Stored records
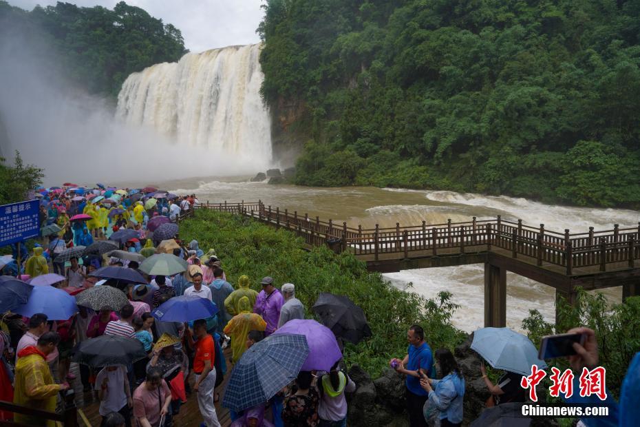 6月23日,贵州黄果树瀑布壮观景象吸引大批游客观赏。受近日持续降雨影响,位于贵州省安顺市的黄果树瀑布进入丰水期。 中新社记者 贺俊怡 摄
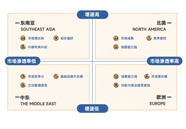 从整体来看,北美市场最成熟、最大,竞争也最激烈;欧洲市场虽然消费力强,物流和支付配套相对成熟,但对商品和交易的规范限制更多,对新兴电商形式的接受程度也更低;东南亚六国(新加坡、菲律宾、印尼、泰国、马来西亚和越南)正在从三年前的“蓝海”迅速变为“红海”,货架电商降速的同时,内容电商成为新的增长引擎;中东三国(沙特、阿联酋和土耳其)市场正在迅速扩大,但短时间内仍无法解决基础设施难题。
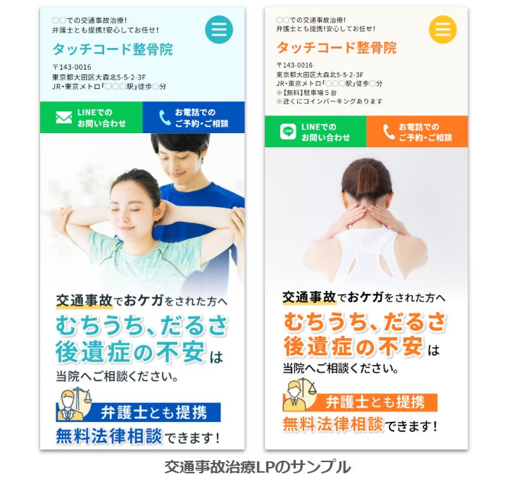 株式会社タッチコード(所在地:東京都世田谷区、代表取締役:飯野恵太)は、整骨院・接骨院向けの「交通事故治療LPサービス」を、これまでの試験運用を経て2025年4月より運用チームを刷新し、本格スタートしました。
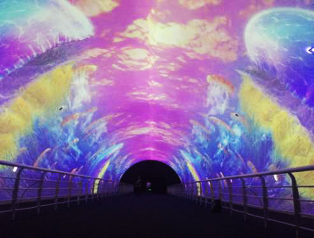 這些奇特、優(yōu)美的畫面是由28臺(tái)松下PT-FRZ68CL激光工程投影機(jī)打造,每4臺(tái)一組,在微孔鋁幕上開孔對(duì)相投射。工程師為了減少改造成本、縮短改造周期,盡可能利用現(xiàn)有可用設(shè)備,并建議使用與現(xiàn)有投影系統(tǒng)相同投射比的松下PT-FRZ68CL激光工程投影機(jī)。
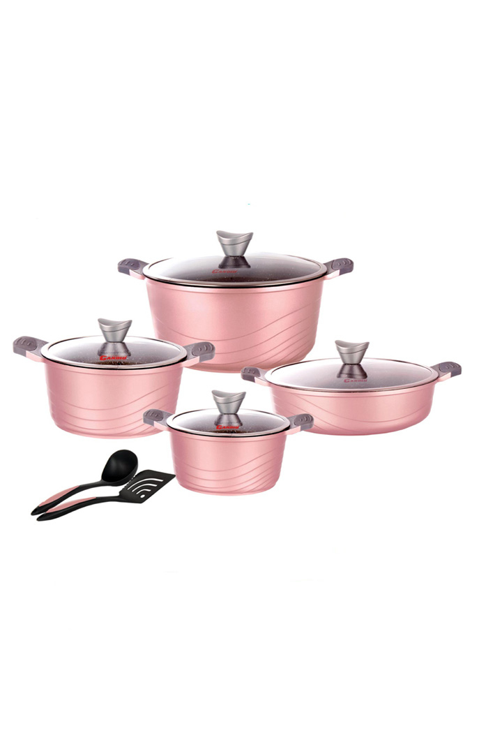 سایز قابلمه:20/24/28 ، تابه دو دسته: 28 محتویات : 2 پارچه کفگیر و ملاقه نوع درب : پیرکس T
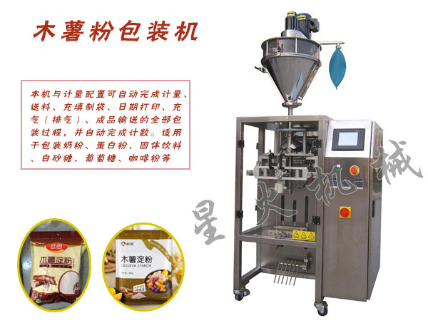 木薯粉是一种淀粉的名称,又称泰国生粉。是一种热带植物的块根中提取的淀粉,木薯粉品质优良,可供食用,或工业上制作酒精、果糖、葡萄糖等。它是婴儿食品牛奶布丁的主要成分,也用来使汤汁及炖菜变稠。木薯淀粉无异味,适用于需精调气味的产品。鉴于木薯粉的应用, 木薯粉自动包装机也在包装界迅速的打开了市场。

### WHAT IS NEEDED
Since the copy must exclude the pictures, transcribe only the text of the records, word for word.

### WRITTEN RESPONSE
 6月23日,贵州黄果树瀑布壮观景象吸引大批游客观赏。受近日持续降雨影响,位于贵州省安顺市的黄果树瀑布进入丰水期。 中新社记者 贺俊怡 摄
 从整体来看,北美市场最成熟、最大,竞争也最激烈;欧洲市场虽然消费力强,物流和支付配套相对成熟,但对商品和交易的规范限制更多,对新兴电商形式的接受程度也更低;东南亚六国(新加坡、菲律宾、印尼、泰国、马来西亚和越南)正在从三年前的“蓝海”迅速变为“红海”,货架电商降速的同时,内容电商成为新的增长引擎;中东三国(沙特、阿联酋和土耳其)市场正在迅速扩大,但短时间内仍无法解决基础设施难题。
 株式会社タッチコード(所在地:東京都世田谷区、代表取締役:飯野恵太)は、整骨院・接骨院向けの「交通事故治療LPサービス」を、これまでの試験運用を経て2025年4月より運用チームを刷新し、本格スタートしました。
 這些奇特、優(yōu)美的畫面是由28臺(tái)松下PT-FRZ68CL激光工程投影機(jī)打造,每4臺(tái)一組,在微孔鋁幕上開孔對(duì)相投射。工程師為了減少改造成本、縮短改造周期,盡可能利用現(xiàn)有可用設(shè)備,并建議使用與現(xiàn)有投影系統(tǒng)相同投射比的松下PT-FRZ68CL激光工程投影機(jī)。
 سایز قابلمه:20/24/28 ، تابه دو دسته: 28 محتویات : 2 پارچه کفگیر و ملاقه نوع درب : پیرکس T
 木薯粉是一种淀粉的名称,又称泰国生粉。是一种热带植物的块根中提取的淀粉,木薯粉品质优良,可供食用,或工业上制作酒精、果糖、葡萄糖等。它是婴儿食品牛奶布丁的主要成分,也用来使汤汁及炖菜变稠。木薯淀粉无异味,适用于需精调气味的产品。鉴于木薯粉的应用, 木薯粉自动包装机也在包装界迅速的打开了市场。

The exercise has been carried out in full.